··· Information supplied

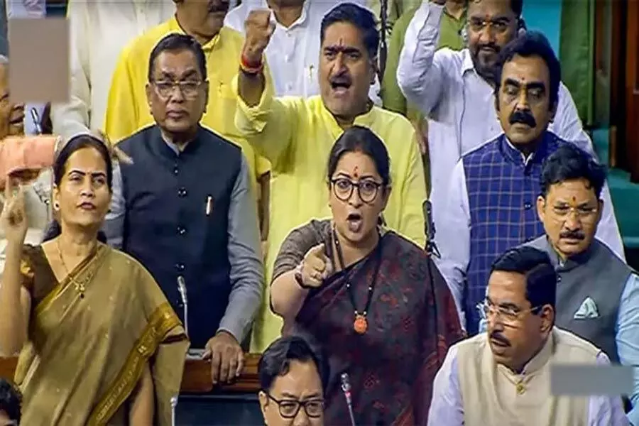 नई दिल्ली, 28 जुलाई। केंद्रीय मंत्री स्मृति ईरानी ने गुरुवार को लोकसभा में मौजूद कांग्रेस की अंतरिम अध्यक्ष सोनिया गांधी की आलोचना की और कहा कि उन्होंने कांग्रेस के पुरुष नेताओं को एक मोहरा बनाया है ताकि वे राष्ट्रपति द्रौपदी मुर्मू को अपमानित कर सकें। वित्त मंत्री निर्मला सीतारमण ने राज्यसभा में सोनिया गांधी से माफी की मांग की।
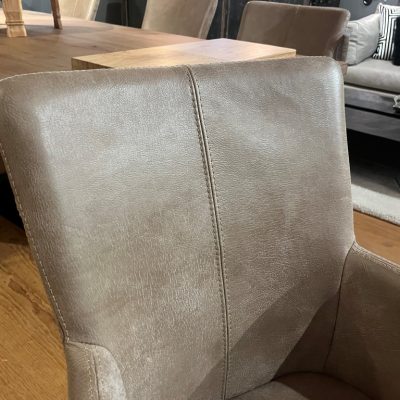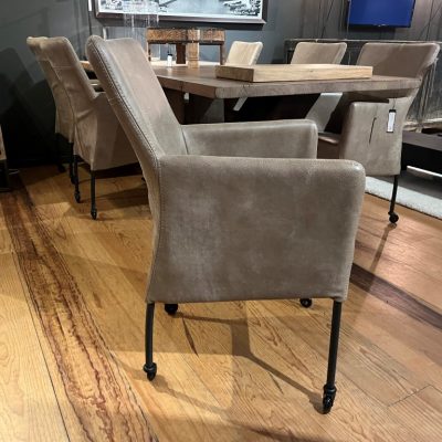 Dining room chair Suske with armrest and wheels, made in leather: Africa – Tin.
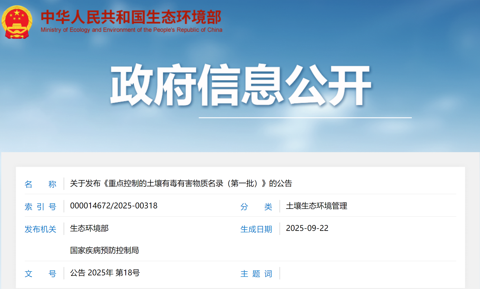 近日,生態(tài)環(huán)境部與國家疾控局聯(lián)合發(fā)布《重點控制的土壤有毒有害物質(zhì)名錄(第一批)》(以下簡稱《名錄》)。

······

- _Prompt_
Write out the whole listing exactly, with no pictures.

- _Solution_
 नई दिल्ली, 28 जुलाई। केंद्रीय मंत्री स्मृति ईरानी ने गुरुवार को लोकसभा में मौजूद कांग्रेस की अंतरिम अध्यक्ष सोनिया गांधी की आलोचना की और कहा कि उन्होंने कांग्रेस के पुरुष नेताओं को एक मोहरा बनाया है ताकि वे राष्ट्रपति द्रौपदी मुर्मू को अपमानित कर सकें। वित्त मंत्री निर्मला सीतारमण ने राज्यसभा में सोनिया गांधी से माफी की मांग की।
 Dining room chair Suske with armrest and wheels, made in leather: Africa – Tin.
 近日,生態(tài)環(huán)境部與國家疾控局聯(lián)合發(fā)布《重點控制的土壤有毒有害物質(zhì)名錄(第一批)》(以下簡稱《名錄》)。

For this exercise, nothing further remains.